On 12/26/2014 03:08 PM, Aryeh Gregor wrote:
On Mon, Dec 22, 2014 at 11:10 PM, Jeff Muizelaar <jmuizel...@mozilla.com> wrote:
Possible solutions would be to:
- remove implicit conversions to T*
If this were done, I think we should change the calling convention for
functions that take pointers to refcounted classes. The convention is
broken anyway: the convention is supposed to be that the caller holds
a strong reference, but the parameter type is a raw pointer, which
does not enforce this. This has led to at least one sec-critical that
I know of, IIRC, where the caller did not hold a strong reference
locally, and the callee wound up freeing it. There have probably been
lots more that I don't know of.
I've thought in the past of a RefParam<T> type, which would be for use
only as a function parameter. nsRefPtr<T>/nsCOMPtr<T> would
implicitly convert to it, but raw pointers would not implicitly
convert to it. And it would implicitly convert to a raw pointer,
which is safe as long as the nsRefPtr<T>/nsCOMPtr<T> that it was
initialized with was a local variable (and not a member or global).
Thus to the callee, it would behave exactly like a raw pointer. The
only difference is the caller is not allowed to pass a raw pointer.
With this change, we wouldn't need to convert from nsRefPtr<T> to T*
often, as far as I can think of.
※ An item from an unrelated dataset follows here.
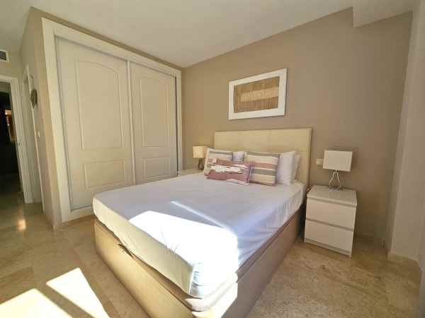 This fantastic 2 bedroom, 2 bathroom apartment is located in the popular area of Elviria, Marbella. Located in a front line golf development with 4 swimming pools, this property boasts fabulous open sea and mountain views and is just a few minutes drive from all amenities. Located in Los Lagos de Santa Maria, this first floor apartment has a large terrace with enough space for dining table, sofas and sun beds.The apartment comprises of 2 spacious bedrooms, 2 marble bathrooms (one ensuite), and a lovely bright sitting room/dining room that takes you straight onto the large terrace. The kitchen is fully fitted with a handy laundry/utility room and there is hot and cold A/C throughout the apartment. The configuration of this apartment cleverly allows the possibility of opening up the kitchen and creating an open plan living area if wanted by the new owners.

It would also preserve binary
compatibility with XPCOM AFAICT, because RefParam<T> would have
trivial constructor and destructor and no virtual functions. It also
would add no addref/release. It would just help the compiler catch
cases where raw pointers are being passed to functions that expect the
caller to hold a strong reference, which would perhaps allow us to
sanely remove the implicit conversion from nsRefPtr<T> to T*.
How would this setup help with the case when one passes
nsCOMPtr/nsRefPtr member variable as a param? I believe that has been the most
common issue
with "caller-should-keep-the-parameter-alive" - one just doesn't remember to
make sure the
value of the member variable can't be replaced with some other value while
calling the method.
- add operator T* explicit and operator T* && = delete // this will be
available in GCC 4.8.1 and MSVC 2014 Nov CTP
What would this do? I see that deleting operator T* && would prevent
a temporary nsRefPtr<T> from converting unsafely to a raw pointer,
which would address that objection to removing already_AddRefed. But
what does the first part do?
On Tue, Dec 23, 2014 at 1:21 AM, Ehsan Akhgari <ehsan.akhg...@gmail.com> wrote:
Are there good use cases for having functions accept an nsRefPtr<T>&? If
not, we can outlaw them.
Do we have a better convention for an in/out parameter that's a
pointer to a refcounted class? editor uses this convention in a
number of functions for "pass me a node/pointer pair as input, and
I'll update it to the new value while I'm at it." If there's a good
substitute for this, let me know and I'll use it in the future when
cleaning up editor code.
nsCOM/RefPtr<>& is a good option for inouts.